In this paper, we proposed a DAC approach to generate instances of TMT that can be used in longitudinal cognitive assessment. Our proposed approach is able to generated a theoretically unlimited number of different TMT instances which can be used in consecutive test administrations. Moreover, the instances generated by the proposed approach have a similar level of difficulty to Reitan’s paper-and-pencil TMT by reproducing its spatial characteristics. We also created a test application, iTMT, which implements the DAC approach to generate computerized TMTs. The preliminary results from the pilot study support the effectiveness of our DAC approach. Compared to existing computerized tests, the instances of TMT generated by the approach produced test results that were significantly more correlated with results of Reitan’s TMT. Similar difficulty and highly correlated results suggest that these instances possess similar diagnostic power to the Reitan’s TMT and are able to better distinguish subjects with different level of cognitive abilities. iTMT also demonstrated higher test–retest reliability and significantly reduced practice effects than existing computerized tests. Due to the illiteracy of some participants, only TMT Part A and its computerized versions were tested in this study. In the future, we plan to study Part B in a similar way.

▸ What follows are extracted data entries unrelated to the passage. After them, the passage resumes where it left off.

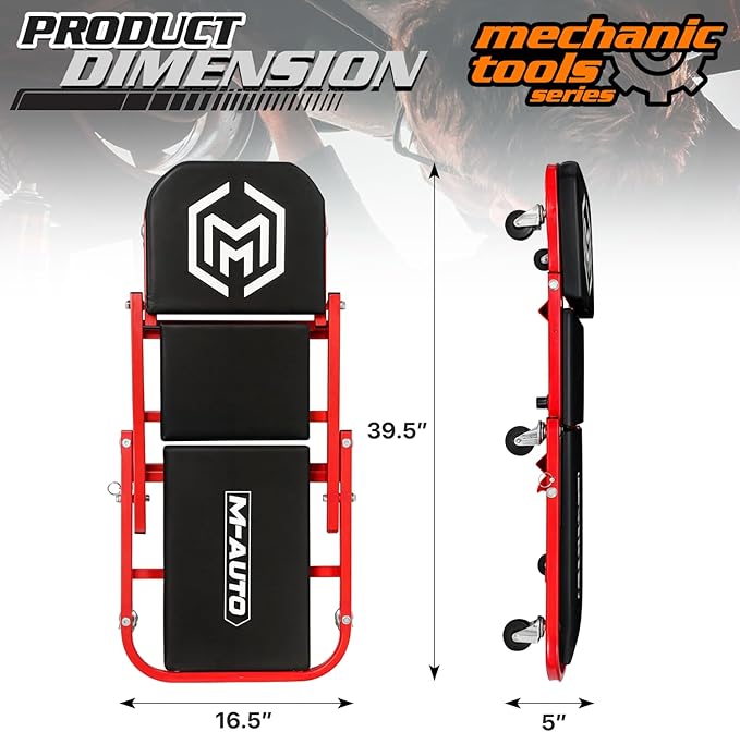 M-AUTO 40-Inch Folding Creeper Rolling Seat, All-in-One Adjustable Roller Garage Chair, Lay Down or Sit, 330LBS Capacity Under Car Roller Creeper with 6 Swivel Casters, Red
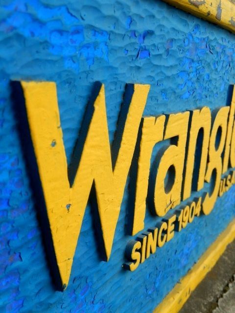リーバイス、リーと並ぶアメリカ三大ジーンズブランドのひとつWrangler(ラングラー)のストアディスプレイサインです!
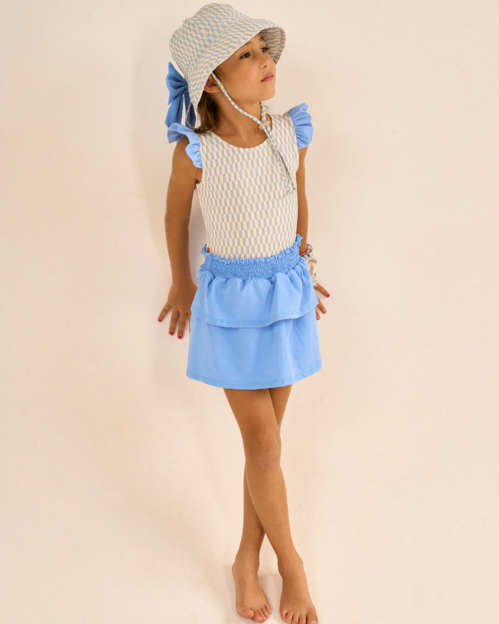 Confeccionada em tecido liso Fly, ela é perfeita para servir de saída de praia, com babados duplos e cós de elástico, garantindo conforto e praticidade para os pequenos.
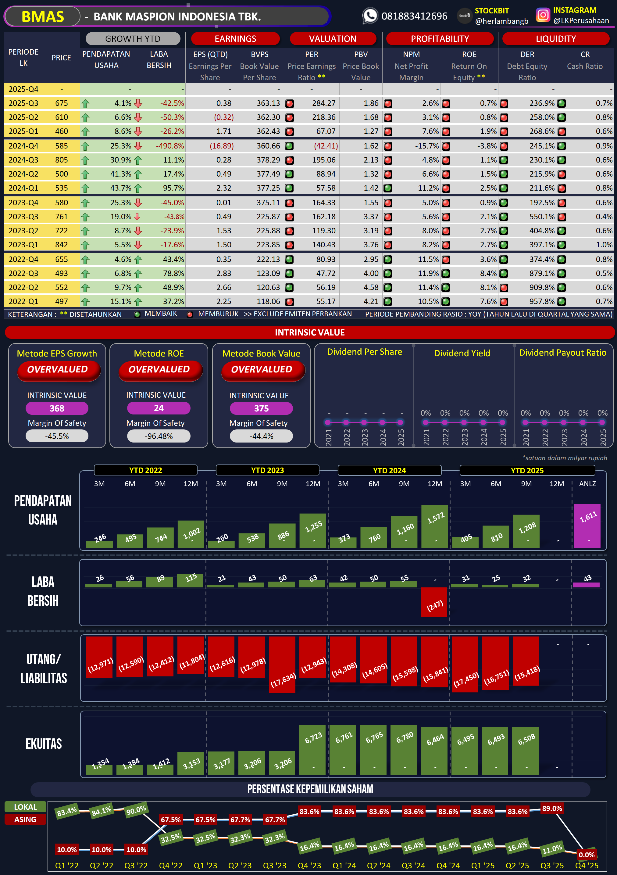 Untuk satu tahun ke depan, kinerja BMAS diperkirakan akan sejalan dengan indeks. Meskipun ada potensi pertumbuhan dari kepemilikan KBank Group dan peningkatan kapabilitas bank, tantangan profitabilitas (laba Q2 2025 yang tergerus) dan kondisi likuiditas ketat di sektor perbankan Indonesia secara keseluruhan dapat membatasi kenaikan harga saham. Outlook sektor perbankan yang 'cautiously optimistic' dengan potensi stagnasi pertumbuhan kredit di 2025 juga perlu dipertimbangkan.
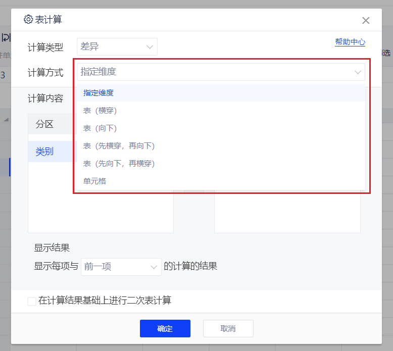 计算方式包括指定维度、表(横穿)、表(向下)、表(先横穿再向下)、表(先向下再横穿)以及单元格。
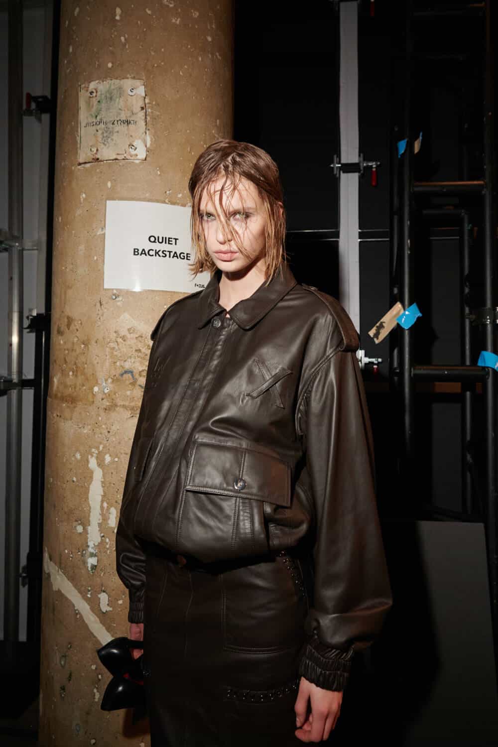’80s power dressing also made an appearance, nodding to the decade when the photographer was at his peak with cinched trench coats, including one worn by Alex Consani, who sold it convincingly with her signature strut. To drive home that reference there were also strong shouldered jackets and pinstripe embroidered leather shifts coupled with 18k gold-plated jewellery that brought to mind Wall Street-era, greed is good ritzy excess. Speaking of jewellery, there was also a sprinkling of fine jewelry pieces as well, made in collaboration with Tous.
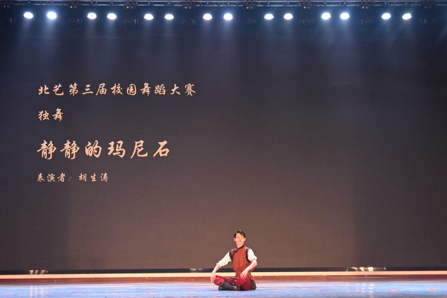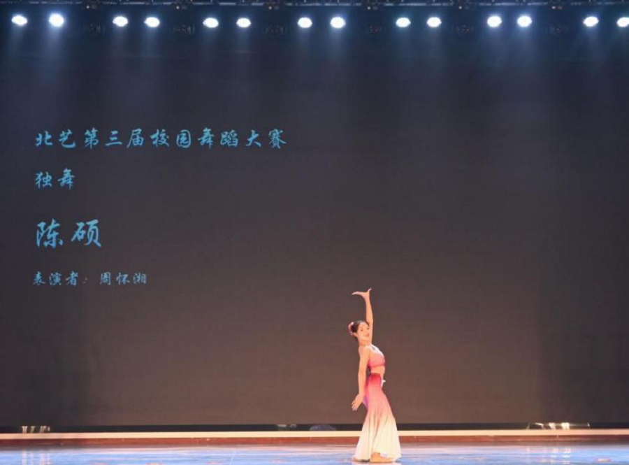 下午场是专业舞蹈“独双三”组的比赛,同学们用优美的肢体语言展现活力风采,青春之花在北艺校园绽放,表达了“一心跟党走,齐舞向未来”的情感。
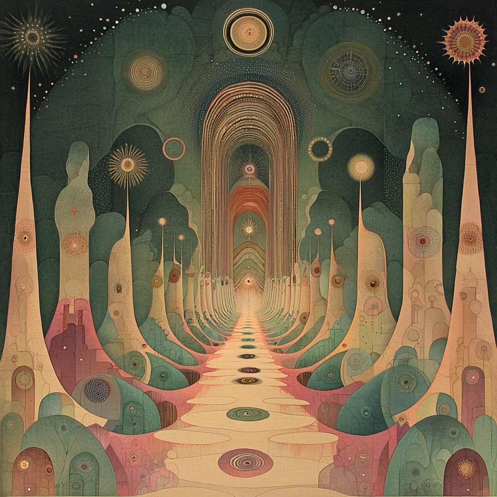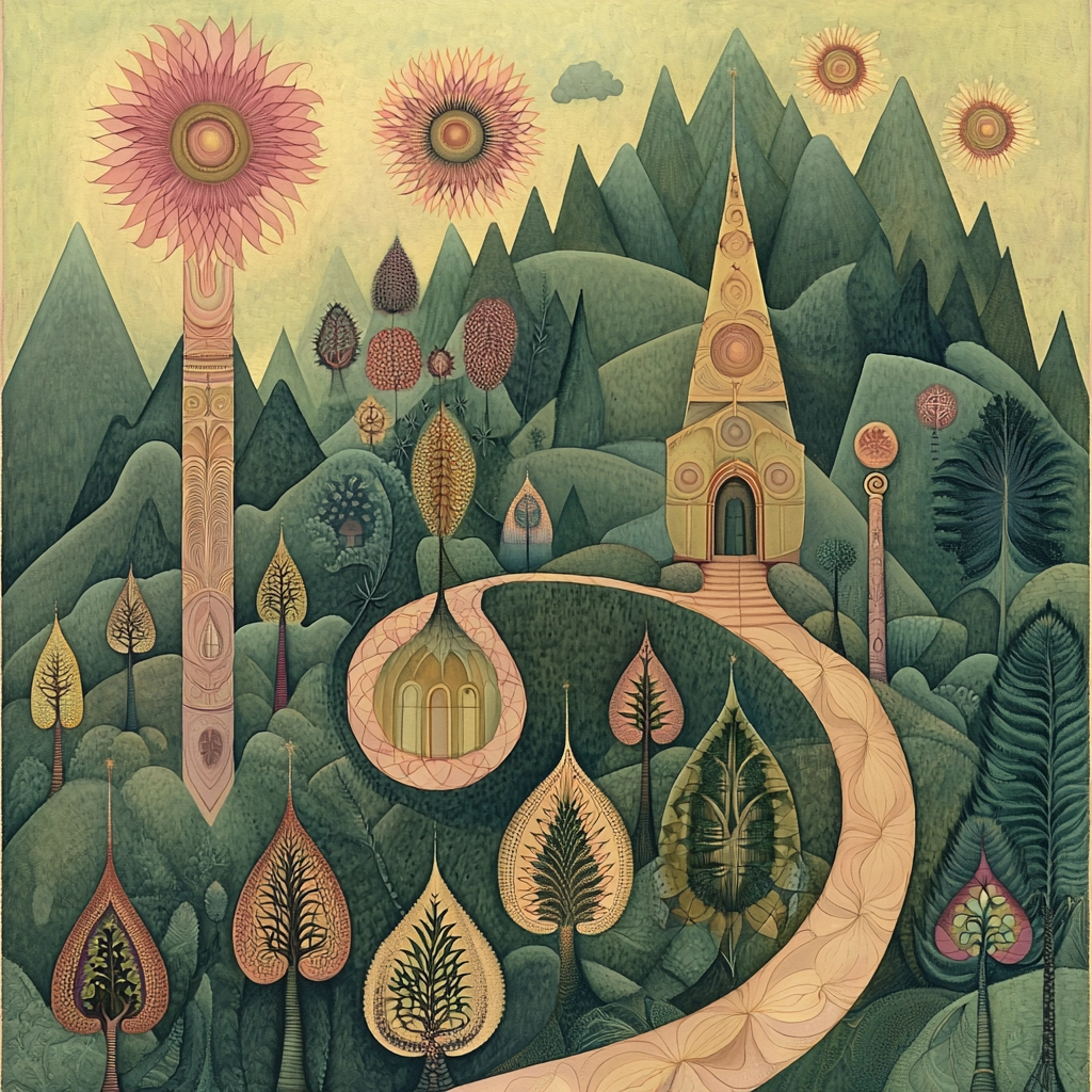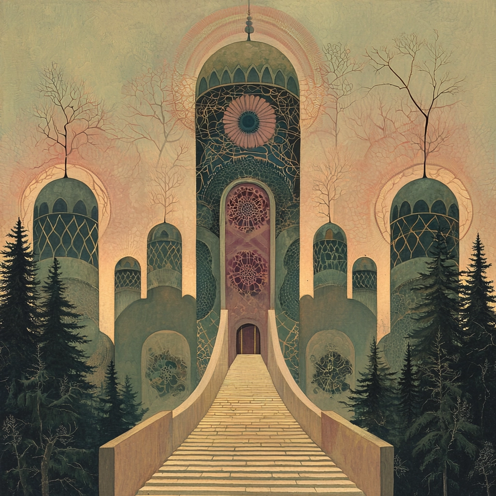 Pastel tones blend with geometric shapes for visual symmetry.
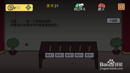 第21关点击五个卷宗不雅看,看完五个卷宗后就过关了。
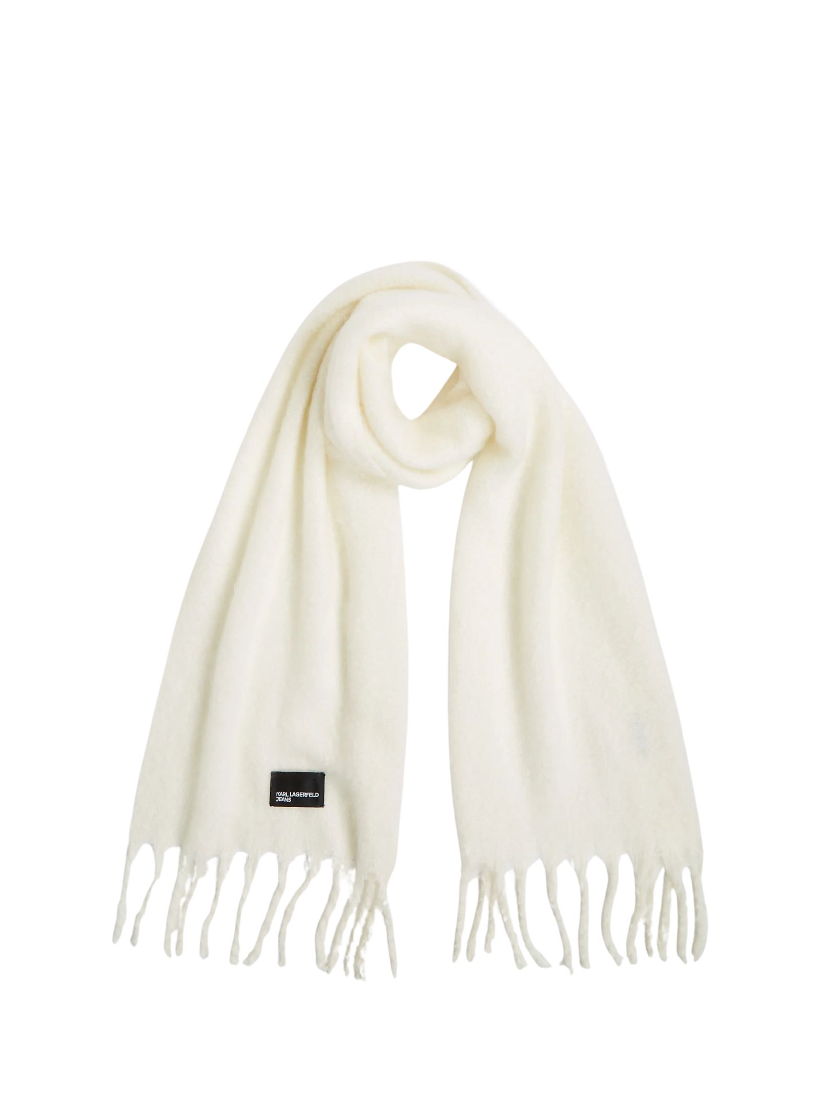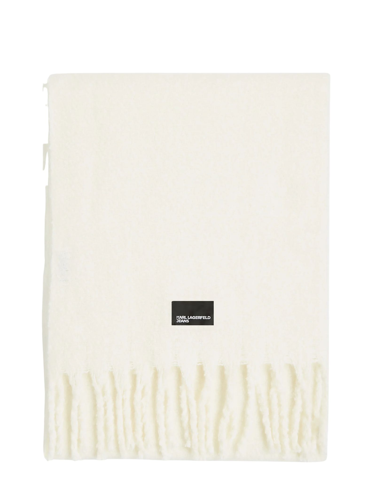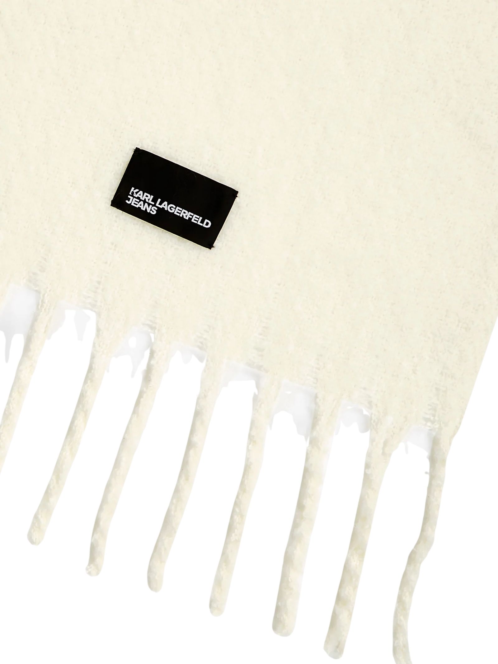 Sciarpa Karl Lagerfeld Jeans in maglia a calibro medio con frange, dal peso medio ideale per la mezza stagione. Dimensioni: 47 x 213 cm. Composizione 53% Poliestere, 47% Acrilico

By supporting self-assessment, iTMT also can help to crowdsource the assessment processes, which need to be administered by healthcare professionals conventionally, to the patients themselves. To validate the feasibility of using iTMT in self-assessment over a long time period, it is worthwhile to study how test performance of it would change beyond the 2nd administration. Further experiments need to be conducted to find out whether the test performance of iTMT is convergent and how does the test performance converge.